Self-hosted deployments are available on the Ultimate plan. If you're interested in this feature, please sign up here .

This page describes the architecture of a self-hosted Terality solution.

Components

The Terality solution includes four components:

  • The client library, as implemented by the terality Python package. This library sends computation requests to Terality servers.

  • The scheduler: the component responsible for receiving computation requests, and preparing execution plans for each computation. This scheduler only accesses metadata about the processed data, never the data itself.

  • Workers: execution units that read data and run the actual computations.

  • a storage layer to store the data. This storage layer is implemented by AWS S3. However, Terality can import data from many storage solutions, such as Azure Data Lake.

On its SaaS platform, Terality deploys and maintains all components.

In a self-hosted deployment, the workers and the storage layer are moved to your AWS account. The scheduler is still deployed by Terality, and the client library is unchanged.

Data ownership in a self-hosted deployment

As described above, in a self-hosted deployment, Terality workers run in your AWS account, and the data is stored in a S3 bucket in your AWS account.

The Terality scheduler still runs in a Terality AWS account, but has no access to the data S3 bucket. The Terality AWS account doesn't have permissions to read data from your data S3 bucket.

Workers that read from and write to the data S3 bucket run into your AWS account. As such, your data never leaves your AWS account.
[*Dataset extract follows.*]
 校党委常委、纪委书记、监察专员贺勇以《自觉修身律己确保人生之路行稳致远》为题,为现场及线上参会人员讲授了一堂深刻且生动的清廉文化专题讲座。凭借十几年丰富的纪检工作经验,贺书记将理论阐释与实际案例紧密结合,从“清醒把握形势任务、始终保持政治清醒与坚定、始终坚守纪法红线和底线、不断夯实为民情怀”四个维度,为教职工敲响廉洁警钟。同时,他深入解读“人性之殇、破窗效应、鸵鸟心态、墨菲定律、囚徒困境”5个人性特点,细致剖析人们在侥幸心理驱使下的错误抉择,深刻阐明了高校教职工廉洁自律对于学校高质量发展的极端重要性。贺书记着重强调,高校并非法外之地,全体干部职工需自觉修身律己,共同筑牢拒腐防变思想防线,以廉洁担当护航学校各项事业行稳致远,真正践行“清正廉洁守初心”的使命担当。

The Terality scheduler only accesses metadata, such as the number of rows in a dataset, or number and names of columns in a dataset.
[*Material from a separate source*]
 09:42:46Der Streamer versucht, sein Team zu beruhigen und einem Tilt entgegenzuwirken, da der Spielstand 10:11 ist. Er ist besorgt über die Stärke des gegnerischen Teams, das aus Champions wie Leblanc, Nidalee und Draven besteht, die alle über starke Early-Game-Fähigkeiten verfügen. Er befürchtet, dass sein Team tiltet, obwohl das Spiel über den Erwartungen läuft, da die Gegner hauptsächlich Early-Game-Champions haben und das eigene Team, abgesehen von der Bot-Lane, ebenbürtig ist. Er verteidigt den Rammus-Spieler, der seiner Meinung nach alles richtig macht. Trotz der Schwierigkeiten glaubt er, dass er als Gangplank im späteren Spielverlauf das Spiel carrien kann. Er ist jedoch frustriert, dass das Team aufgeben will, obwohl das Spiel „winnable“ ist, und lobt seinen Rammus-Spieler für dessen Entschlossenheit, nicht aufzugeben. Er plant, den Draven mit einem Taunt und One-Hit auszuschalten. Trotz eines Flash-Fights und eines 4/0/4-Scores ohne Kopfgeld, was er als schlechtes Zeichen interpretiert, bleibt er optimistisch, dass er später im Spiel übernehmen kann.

Permissions you grant to Terality in a self-hosted deployment

The Terality AWS account will be granted the following permissions:

  • permissions to launch Terality workers in your account, to reproduce the dynamic autoscaling of the hosted version. This means being able to create and invoke AWS Lambda functions, manage AWS EC2 virtual machines and autoscaling groups, and create and manage AWS ECS clusters in your account.

  • permissions to read observability data from AWS CloudWatch, in order to be able to monitor the health of your deployment .

How is the self-hosted version deployed?

Deploying a self-hosted version of Terality only takes a few minutes. We provide you with a CloudFormation template that creates all the required AWS resources in your account.

Once the template is deployed, the Terality scheduler will create and autoscale workers in your AWS account as needed. No further management is needed from your part.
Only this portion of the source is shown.